BBC ignores UN HRC report’s political agenda – and worse

In March 2012, the UN Human Rights Council accepted a draft resolution proposed by Bolivia, Cuba, Palestine, Mauritania (on behalf of the Arab group), Pakistan (on behalf of the Organisation of Islamic Cooperation, or OIC) and Venezuela to:

“…dispatch an independent international fact-finding mission, to be appointed by the President of the Human Rights Council, to investigate the implications of the Israeli settlements on the civil, political, economic, social and cultural rights of the Palestinian people throughout the Occupied Palestinian Territory, including East Jerusalem, with a mandate ending on submission of a report to the Council, and calls upon Israel, the occupying Power, not to obstruct the process of investigation and to cooperate fully with the mission.”

As discussed here recently, the UN HRC has, in almost seven years of its existence, displayed constant egregious bias against Israel and the above ‘fact-finding mission’ was obviously no more than yet another of its politically motivated actions to delegitimize that country. Three of the resolution’s proposers are members of the OIC. At the time that the resolution was passed, all but four of the members of the UN HRC’s thirteen state-strong Africa group and all but four of the 13 members of its Asia group were also members of the OIC

The subject of the OIC’s ability to influence the UN agenda has also been discussed on these pages before.

“One of the OIC’s aims, according to its founding charter is:

“To support and empower the Palestinian people to exercise their right to self-determination and establish their sovereign State with Al-Quds Al-Sharif as its capital, while safeguarding its historic and Islamic character as well as the Holy places therein”

Another of the OIC’s aims is expressed thus:

“The Headquarters of the General Secretariat shall be in the city of Jeddah until the liberation of the city of Al-Quds so that it will become the permanent Headquarters of the Organisation.”

The OIC is of course the same organization which claims to have been the initiator of the Goldstone Report, which is famous for its serial sponsorship of anti-Israel resolutions at the UN, which rejects internationally-accepted standards of universal human rights and demands Shari’ah-based “human rights” instead and which has been pressuring the UN to adopt “global blasphemy laws“. 

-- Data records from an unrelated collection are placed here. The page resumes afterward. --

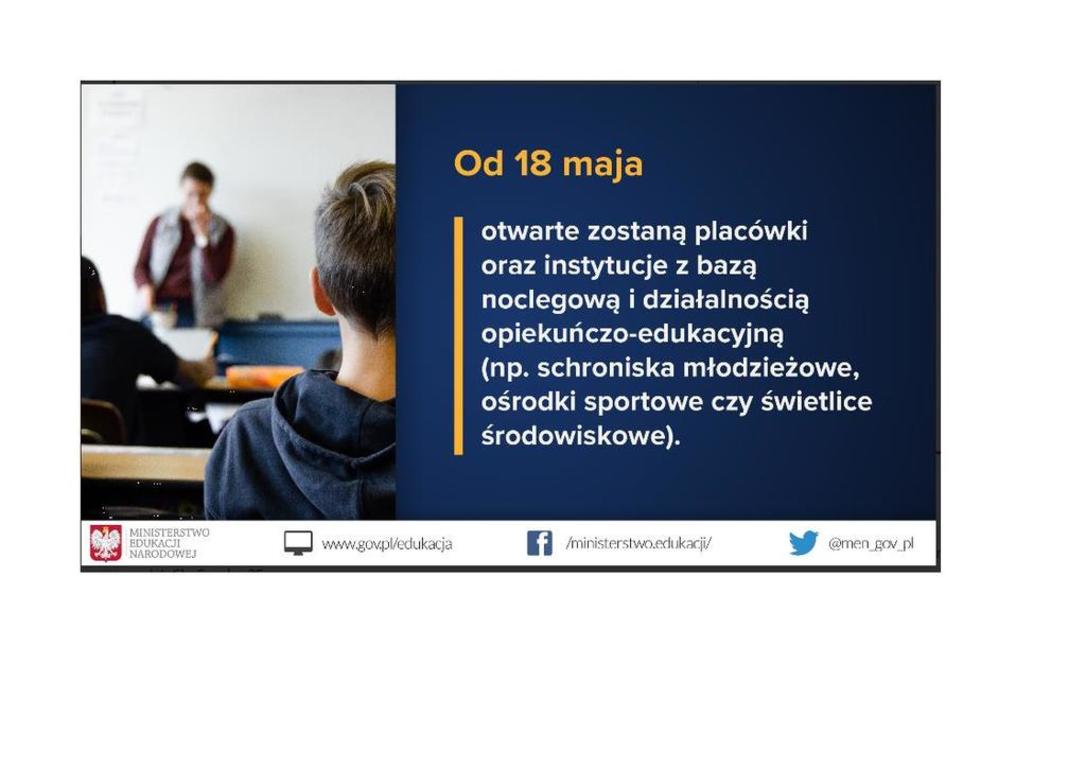 Otwarte będą schroniska młodzieżowe i międzyszkolne ośrodki sportowe. Do funkcjonowania w trybie stacjonarnym wracają placówki, które organizują pozaszkolne zajęcia rozwijające zainteresowania uczniów. Mowa tu o młodzieżowych domach kultury, pałacach młodzieży, ogniskach pracy pozaszkolnej oraz placówkach specjalistycznych.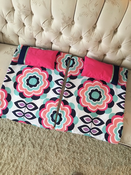 At the last minute we decided that we should add in some dolly bedding too. We were gifting for a little girl the same age as the Little Miss, so she was helping me decide what to make. She insisted on doll bedding. I always have leftover materials from similar projects, so it didn’t cost a lot extra. Most of my budget goes to shipping for these exchanges anyway, so I always try to use what we already have on hand.
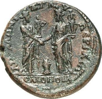 Tyche of Apollonia, standing facing, head right, holding statuette of Apollo, clasping hands with Tyche of Perge standing facing, head left, holding statuette of Artemis Ephesia; between, altar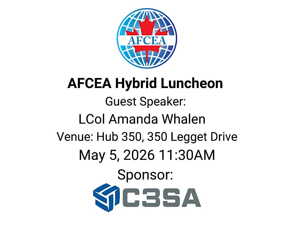 Join us for an exciting luncheon featuring LCol Amanda Whalen. This hybrid event will be held at Hub 350, 350 Legget Drive Kanata, Ontario K2K 0G7
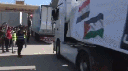 在拉法口岸開放之前,巴勒斯坦伊斯蘭抵抗運動(哈馬斯)在壹份聲明中表示,進入加沙的援助車隊由20輛卡車組成,車上裝滿“藥品、醫療用品和有限數量的罐頭食品”。

“Ekmeleddin Ihsanoglu, secretary-general of the Organization of Islamic Cooperation (OIC), said the international community should ‘come out of hiding from behind the excuse of freedom of expression’, a reference to Western arguments against a universal blasphemy law that the OIC has sought for over a decade”.”

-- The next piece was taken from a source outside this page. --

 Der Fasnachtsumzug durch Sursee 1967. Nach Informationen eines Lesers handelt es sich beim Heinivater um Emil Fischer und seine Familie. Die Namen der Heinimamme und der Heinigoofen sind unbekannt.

But if the political agenda behind this latest UN HRC report was not sufficiently transparent, that point was clarified by the chair of the ‘fact-finding mission’ Christine Chanet (a woman with an existing record of partisan statements in relation to Israel) who reportedly told a press conference that the report could be “a kind of weapon for the Palestinians”.

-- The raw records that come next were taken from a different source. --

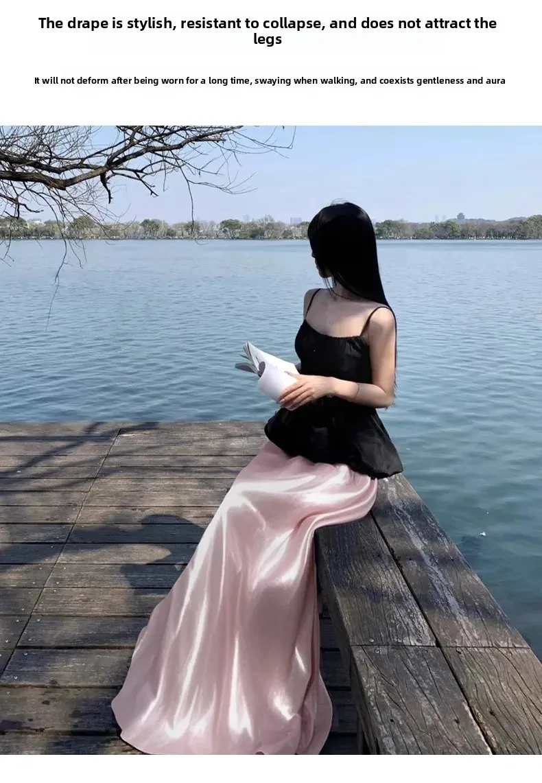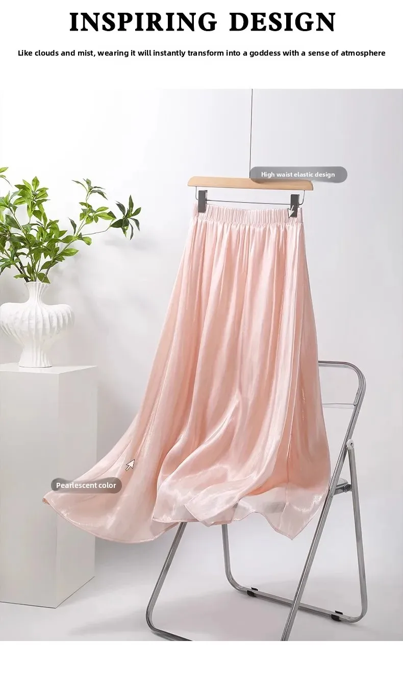 Bxoxo Pink Glimmering Long Half Skirt Women's Summer Flowing Silk Satin Drapey A- Line Midi Skirt Polyester Fiber Plain Color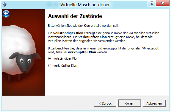 VirtualBox bietet eine schnelle und einfache Möglichkeit, virtuelle Maschinen zu Klonen. Das ist für Tests sehr hilfreich, spart man doch viel Zeit, wenn nicht jedesmal das Betriebssystem neu installiert und per Updates auf den neuesten Stand gebracht werden muss.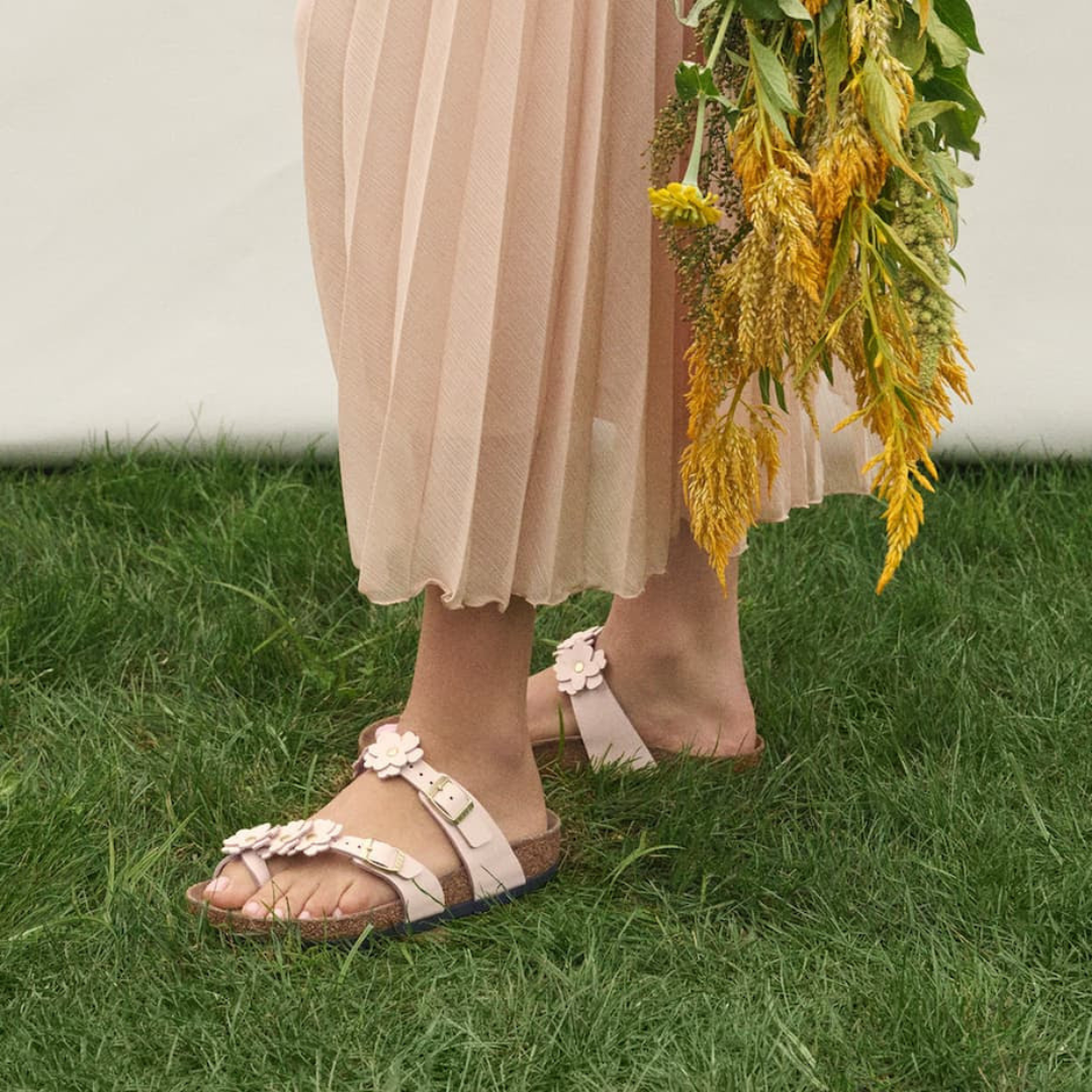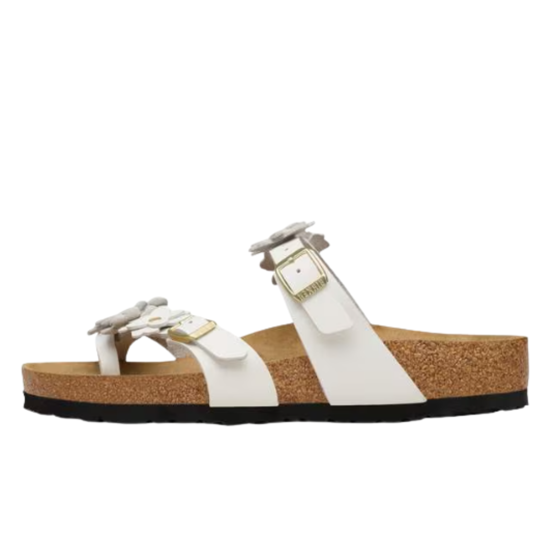 The Birkenstock Mayari Flowers features a distinctive toe loop and delicate appliqué floral detail, this style brings an elegant, feminine touch to any wardrobe. Crafted from premium soft natural leather, the Mayari delivers the signature support and durability Birkenstock is known for, making it perfect for those who refuse to compromise between style and wearability.

“French judge Christine Chanet said at a news conference that the Palestinians could use the UN Human Rights Council (HRC) report, if they wanted to, take their grievances before The Hague-based International Criminal Court.”

As is known, Israel did not cooperate with the UN HRC ‘fact-finding mission’, the conclusions of which were of course entirely predictable in advanceThe Israeli government’s official reaction to the report can be read here. The report (available here) relies heavily on information gathered from certain politically motivated NGOs  but its authors failed to refer to submissions from other sources. A critique of the report can be read here

Excepting the boilerplate inclusion of the Israeli government’s official statement regarding the UN HRC report, one would not know from the BBC’s coverage of the subject that there was anything controversial about the report itself or the body which commissioned it. In an interview with the Israeli Foreign Ministry spokesman Yigal Palmor for BBC television news, the presenter promoted both the notion of ‘settlements as an obstacle to peace’ and erroneously declared that “Israel is building more and more settlements”. Ironically, much of that interview took place against a background of filmed footage of one of the recent Palestinian attempts to establish an illegal outpost on the area known as E1 – actions which, as already noted here, the BBC apparently does not deem to be included among the  ‘obstacles to peace’. 

Particularly disturbing is the fact that on the Middle East homepage of its BBC News website on January 31st – the day of the UN HRC report’s release – the BBC chose to use wording directed at a specific group of people rather than the towns and villages which some chose to call settlements. 

Settlers violate rights

On a webpage specifically directed at audiences in a part of the world in which people have been killed because others decided to take offence at a cartoon or a video clip, that choice of wording is not only inaccurate and partial, but also grossly irresponsible.